### Records
>>>

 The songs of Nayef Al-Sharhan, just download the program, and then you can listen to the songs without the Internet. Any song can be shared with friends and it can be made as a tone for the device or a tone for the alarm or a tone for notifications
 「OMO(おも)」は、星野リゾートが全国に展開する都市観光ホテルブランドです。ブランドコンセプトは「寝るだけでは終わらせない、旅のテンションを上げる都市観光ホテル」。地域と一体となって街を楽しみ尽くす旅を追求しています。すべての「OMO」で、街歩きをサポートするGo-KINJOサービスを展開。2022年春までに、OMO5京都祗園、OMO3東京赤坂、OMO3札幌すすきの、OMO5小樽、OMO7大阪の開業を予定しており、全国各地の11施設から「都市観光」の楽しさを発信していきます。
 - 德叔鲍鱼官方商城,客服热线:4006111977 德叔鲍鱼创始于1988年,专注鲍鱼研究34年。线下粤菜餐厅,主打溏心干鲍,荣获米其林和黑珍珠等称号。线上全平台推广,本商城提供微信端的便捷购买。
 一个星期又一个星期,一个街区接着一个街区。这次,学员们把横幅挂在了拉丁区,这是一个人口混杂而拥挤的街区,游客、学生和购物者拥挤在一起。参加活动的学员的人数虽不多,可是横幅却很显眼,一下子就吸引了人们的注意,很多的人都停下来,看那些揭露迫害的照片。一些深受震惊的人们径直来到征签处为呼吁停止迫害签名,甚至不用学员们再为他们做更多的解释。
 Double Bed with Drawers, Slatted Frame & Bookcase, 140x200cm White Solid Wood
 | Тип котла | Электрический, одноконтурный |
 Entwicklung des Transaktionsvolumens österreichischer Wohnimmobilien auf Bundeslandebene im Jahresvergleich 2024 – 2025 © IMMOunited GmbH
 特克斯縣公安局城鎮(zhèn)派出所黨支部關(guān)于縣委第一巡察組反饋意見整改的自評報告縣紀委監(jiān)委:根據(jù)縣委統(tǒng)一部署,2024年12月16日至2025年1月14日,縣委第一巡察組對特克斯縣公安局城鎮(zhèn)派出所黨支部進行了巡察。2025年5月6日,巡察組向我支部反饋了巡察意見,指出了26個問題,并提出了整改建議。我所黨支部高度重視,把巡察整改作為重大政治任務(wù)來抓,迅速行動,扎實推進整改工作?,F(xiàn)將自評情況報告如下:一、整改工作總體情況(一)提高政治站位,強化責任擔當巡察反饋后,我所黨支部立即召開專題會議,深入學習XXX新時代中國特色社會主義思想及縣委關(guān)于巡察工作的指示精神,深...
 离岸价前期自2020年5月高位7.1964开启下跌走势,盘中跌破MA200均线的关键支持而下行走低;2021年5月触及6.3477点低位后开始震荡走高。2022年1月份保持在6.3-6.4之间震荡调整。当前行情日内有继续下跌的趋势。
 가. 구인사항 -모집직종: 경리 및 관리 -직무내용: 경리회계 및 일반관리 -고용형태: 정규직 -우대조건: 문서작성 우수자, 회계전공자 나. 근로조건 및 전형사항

<<<

### Requirement
Nothing but the lines from the one containing "特克斯縣公安局城鎮(zhèn)派出所黨支部關(guān)" through the end of the entries belongs in the answer; repeat them exactly.

### Expected answer
 特克斯縣公安局城鎮(zhèn)派出所黨支部關(guān)于縣委第一巡察組反饋意見整改的自評報告縣紀委監(jiān)委:根據(jù)縣委統(tǒng)一部署,2024年12月16日至2025年1月14日,縣委第一巡察組對特克斯縣公安局城鎮(zhèn)派出所黨支部進行了巡察。2025年5月6日,巡察組向我支部反饋了巡察意見,指出了26個問題,并提出了整改建議。我所黨支部高度重視,把巡察整改作為重大政治任務(wù)來抓,迅速行動,扎實推進整改工作?,F(xiàn)將自評情況報告如下:一、整改工作總體情況(一)提高政治站位,強化責任擔當巡察反饋后,我所黨支部立即召開專題會議,深入學習XXX新時代中國特色社會主義思想及縣委關(guān)于巡察工作的指示精神,深...
 离岸价前期自2020年5月高位7.1964开启下跌走势,盘中跌破MA200均线的关键支持而下行走低;2021年5月触及6.3477点低位后开始震荡走高。2022年1月份保持在6.3-6.4之间震荡调整。当前行情日内有继续下跌的趋势。
 가. 구인사항 -모집직종: 경리 및 관리 -직무내용: 경리회계 및 일반관리 -고용형태: 정규직 -우대조건: 문서작성 우수자, 회계전공자 나. 근로조건 및 전형사항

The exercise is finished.